Top of ENTRIES SHOWN
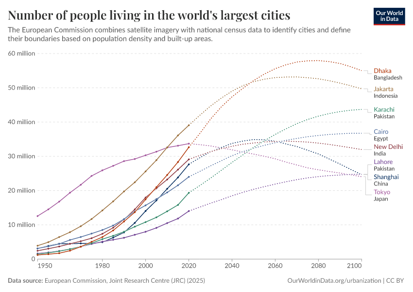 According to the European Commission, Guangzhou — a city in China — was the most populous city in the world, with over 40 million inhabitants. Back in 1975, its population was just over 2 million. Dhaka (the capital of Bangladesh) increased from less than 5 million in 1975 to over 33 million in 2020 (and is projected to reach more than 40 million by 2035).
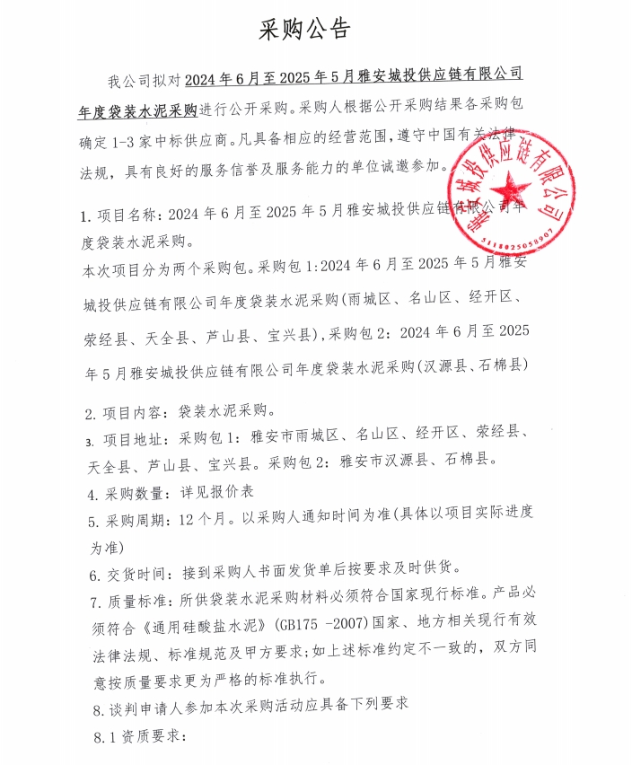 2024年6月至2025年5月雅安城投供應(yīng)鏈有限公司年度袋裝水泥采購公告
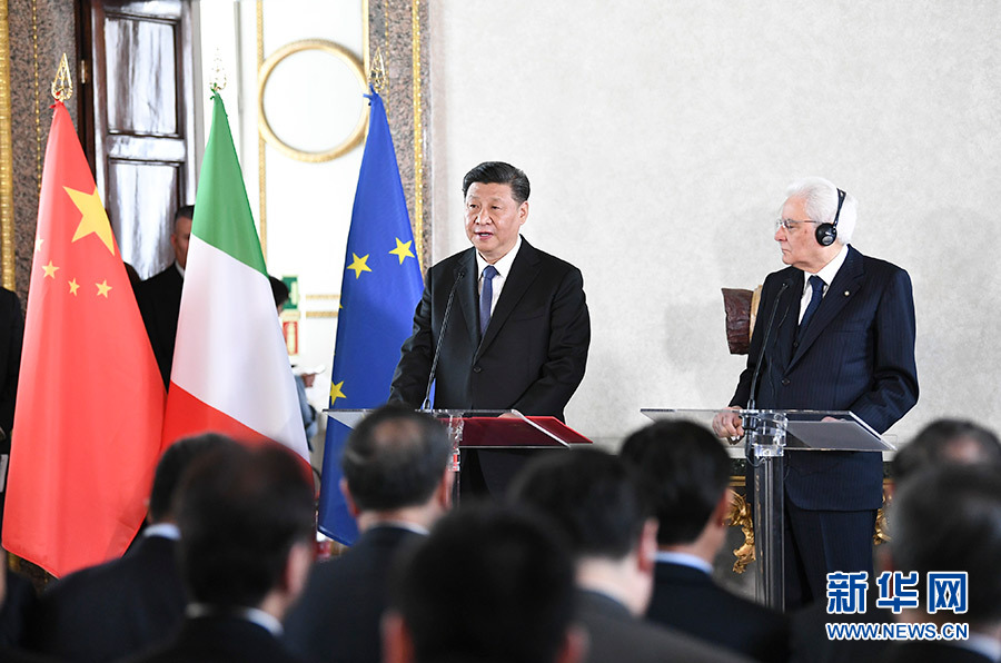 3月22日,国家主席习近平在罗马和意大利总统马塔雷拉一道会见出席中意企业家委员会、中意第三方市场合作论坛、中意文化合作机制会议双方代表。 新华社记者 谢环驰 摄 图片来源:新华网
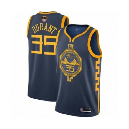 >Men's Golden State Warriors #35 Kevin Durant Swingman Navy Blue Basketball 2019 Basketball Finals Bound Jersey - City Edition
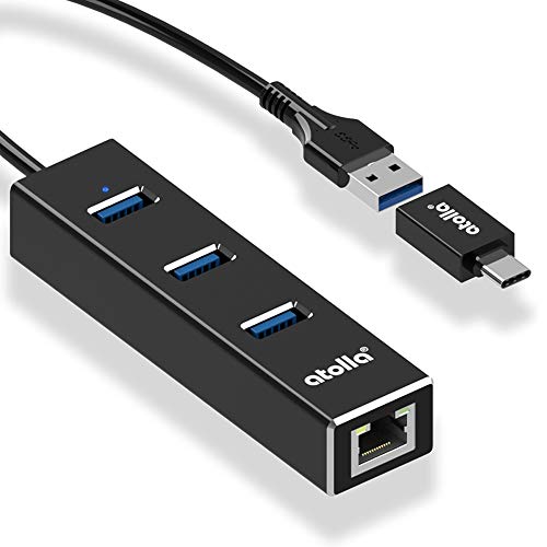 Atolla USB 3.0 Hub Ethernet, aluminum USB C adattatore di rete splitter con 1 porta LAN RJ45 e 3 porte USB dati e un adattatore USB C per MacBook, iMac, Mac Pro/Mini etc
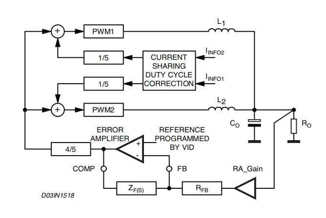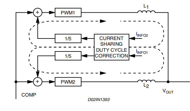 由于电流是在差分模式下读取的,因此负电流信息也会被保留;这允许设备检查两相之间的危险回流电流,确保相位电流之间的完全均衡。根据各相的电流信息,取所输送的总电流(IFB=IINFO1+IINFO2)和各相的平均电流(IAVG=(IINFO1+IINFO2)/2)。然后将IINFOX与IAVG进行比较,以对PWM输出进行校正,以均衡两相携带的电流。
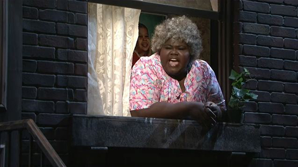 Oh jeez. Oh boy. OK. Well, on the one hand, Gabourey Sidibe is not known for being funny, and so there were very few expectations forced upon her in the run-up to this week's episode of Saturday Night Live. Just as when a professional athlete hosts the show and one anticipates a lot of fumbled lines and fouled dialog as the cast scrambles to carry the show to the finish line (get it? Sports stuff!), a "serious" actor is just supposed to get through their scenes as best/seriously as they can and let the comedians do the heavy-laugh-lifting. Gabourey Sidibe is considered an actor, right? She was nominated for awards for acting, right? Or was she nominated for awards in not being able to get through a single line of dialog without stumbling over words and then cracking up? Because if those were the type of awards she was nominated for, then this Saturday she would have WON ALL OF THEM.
Bottom of ENTRIES SHOWN
Top of ENTRIES SHOWN
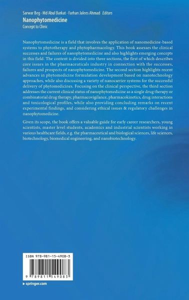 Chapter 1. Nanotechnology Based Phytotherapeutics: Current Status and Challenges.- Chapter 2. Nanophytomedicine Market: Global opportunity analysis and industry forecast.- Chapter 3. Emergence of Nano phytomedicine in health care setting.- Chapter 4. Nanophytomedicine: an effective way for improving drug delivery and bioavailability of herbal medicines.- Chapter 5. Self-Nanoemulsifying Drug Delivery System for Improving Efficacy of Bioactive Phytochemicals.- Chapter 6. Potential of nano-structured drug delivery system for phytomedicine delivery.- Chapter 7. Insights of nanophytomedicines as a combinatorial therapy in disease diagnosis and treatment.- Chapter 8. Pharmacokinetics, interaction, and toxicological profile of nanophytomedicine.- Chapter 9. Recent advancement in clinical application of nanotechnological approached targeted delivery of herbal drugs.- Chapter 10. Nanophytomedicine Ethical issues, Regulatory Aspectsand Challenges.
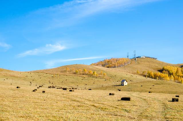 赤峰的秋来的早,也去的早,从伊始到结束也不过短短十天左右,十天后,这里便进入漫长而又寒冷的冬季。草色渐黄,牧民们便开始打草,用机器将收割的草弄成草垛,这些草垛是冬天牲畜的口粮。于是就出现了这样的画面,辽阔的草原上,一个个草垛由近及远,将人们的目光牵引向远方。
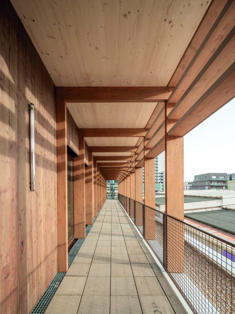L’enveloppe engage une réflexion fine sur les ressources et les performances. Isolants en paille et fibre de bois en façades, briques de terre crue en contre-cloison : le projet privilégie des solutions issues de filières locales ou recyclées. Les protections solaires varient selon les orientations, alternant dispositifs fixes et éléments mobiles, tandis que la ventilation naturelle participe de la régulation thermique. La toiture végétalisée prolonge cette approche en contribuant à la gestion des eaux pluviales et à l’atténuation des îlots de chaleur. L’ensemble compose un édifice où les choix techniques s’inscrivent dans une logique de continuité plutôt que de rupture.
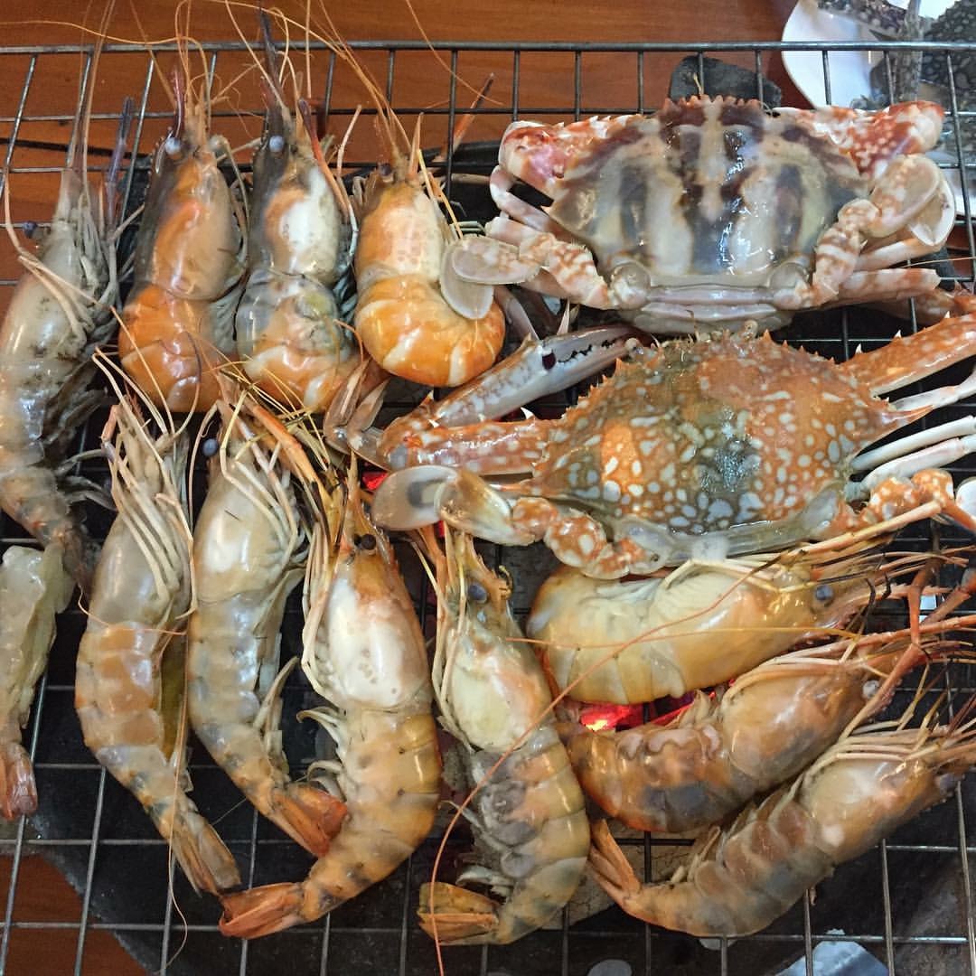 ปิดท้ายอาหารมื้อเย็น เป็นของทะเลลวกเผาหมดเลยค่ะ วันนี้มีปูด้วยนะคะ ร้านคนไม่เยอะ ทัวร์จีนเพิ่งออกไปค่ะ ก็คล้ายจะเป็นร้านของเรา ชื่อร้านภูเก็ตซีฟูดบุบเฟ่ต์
Bottom of ENTRIES SHOWN
Top of ENTRIES SHOWN
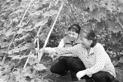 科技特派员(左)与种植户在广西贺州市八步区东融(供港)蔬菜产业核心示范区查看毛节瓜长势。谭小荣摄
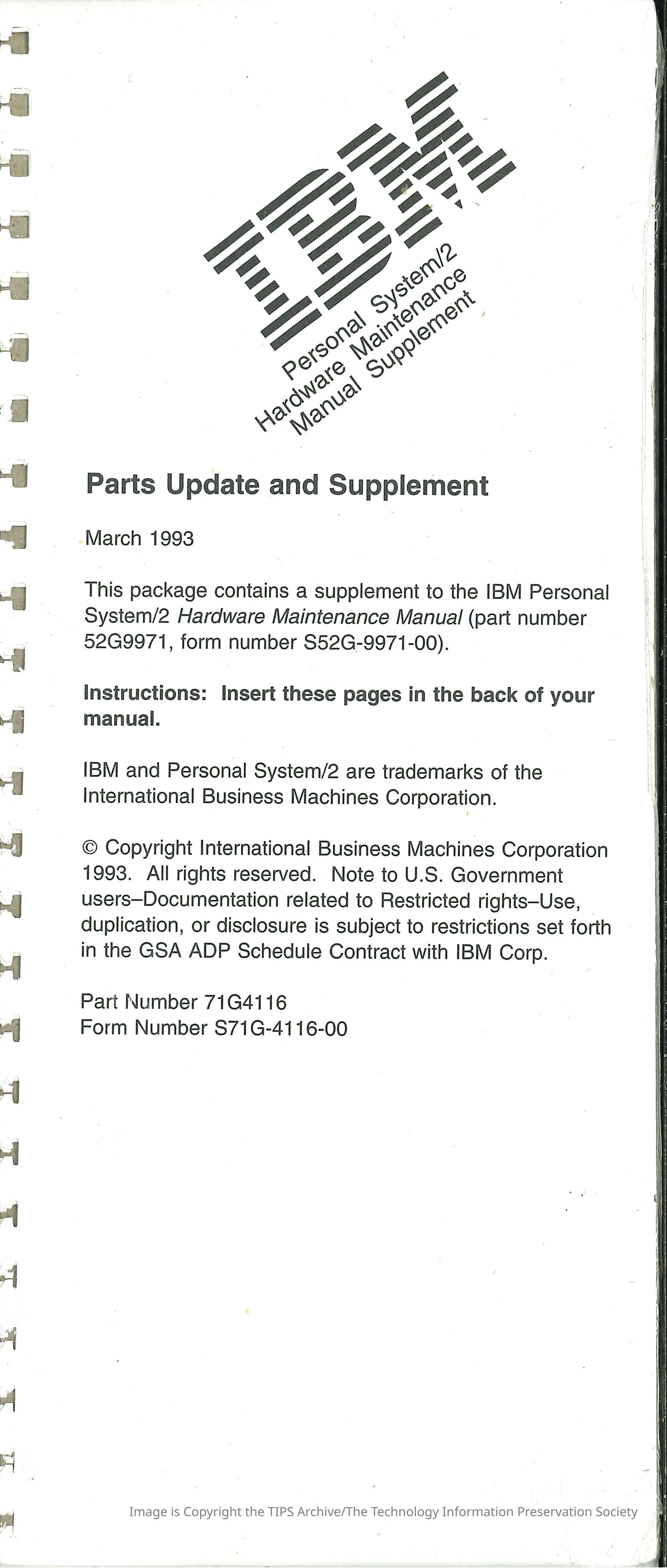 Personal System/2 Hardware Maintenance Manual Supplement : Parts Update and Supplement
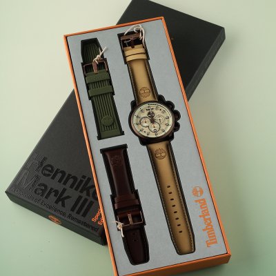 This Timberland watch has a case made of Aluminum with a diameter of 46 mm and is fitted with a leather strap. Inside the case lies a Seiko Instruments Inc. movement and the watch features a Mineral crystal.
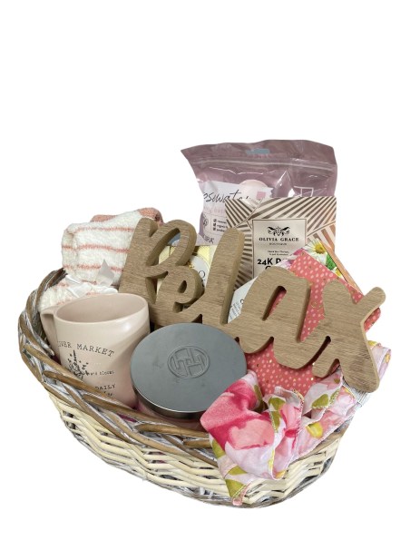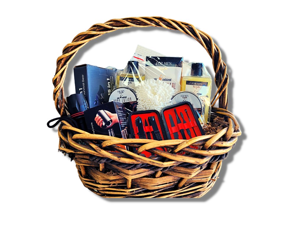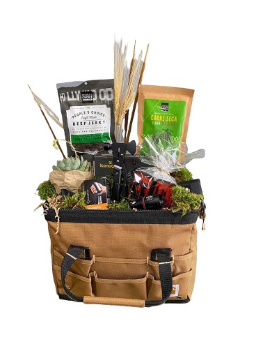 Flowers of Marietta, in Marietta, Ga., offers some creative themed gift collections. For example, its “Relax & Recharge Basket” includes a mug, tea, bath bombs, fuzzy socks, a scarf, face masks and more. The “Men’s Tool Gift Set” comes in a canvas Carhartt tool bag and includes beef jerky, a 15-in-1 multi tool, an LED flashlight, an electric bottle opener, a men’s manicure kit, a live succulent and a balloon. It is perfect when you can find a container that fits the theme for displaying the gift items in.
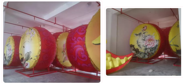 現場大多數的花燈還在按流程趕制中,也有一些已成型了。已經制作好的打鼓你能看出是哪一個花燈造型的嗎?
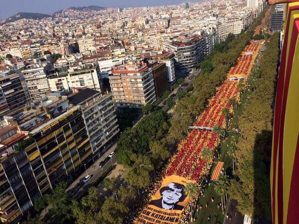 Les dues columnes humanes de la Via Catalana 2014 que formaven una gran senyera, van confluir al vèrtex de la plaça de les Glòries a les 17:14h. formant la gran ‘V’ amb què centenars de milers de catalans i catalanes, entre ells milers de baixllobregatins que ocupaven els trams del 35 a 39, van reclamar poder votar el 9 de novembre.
Bottom of ENTRIES SHOWN
Pictures excluded, give again exactly and only the lines of the material above from the line with "According to the" through the line with "由于电流是在差分模式下读取的".

 According to the European Commission, Guangzhou — a city in China — was the most populous city in the world, with over 40 million inhabitants. Back in 1975, its population was just over 2 million. Dhaka (the capital of Bangladesh) increased from less than 5 million in 1975 to over 33 million in 2020 (and is projected to reach more than 40 million by 2035).
 2024年6月至2025年5月雅安城投供應(yīng)鏈有限公司年度袋裝水泥采購公告
 3月22日,国家主席习近平在罗马和意大利总统马塔雷拉一道会见出席中意企业家委员会、中意第三方市场合作论坛、中意文化合作机制会议双方代表。 新华社记者 谢环驰 摄 图片来源:新华网
 >Men's Golden State Warriors #35 Kevin Durant Swingman Navy Blue Basketball 2019 Basketball Finals Bound Jersey - City Edition
 Atolla USB 3.0 Hub Ethernet, aluminum USB C adattatore di rete splitter con 1 porta LAN RJ45 e 3 porte USB dati e un adattatore USB C per MacBook, iMac, Mac Pro/Mini etc
 由于电流是在差分模式下读取的,因此负电流信息也会被保留;这允许设备检查两相之间的危险回流电流,确保相位电流之间的完全均衡。根据各相的电流信息,取所输送的总电流(IFB=IINFO1+IINFO2)和各相的平均电流(IAVG=(IINFO1+IINFO2)/2)。然后将IINFOX与IAVG进行比较,以对PWM输出进行校正,以均衡两相携带的电流。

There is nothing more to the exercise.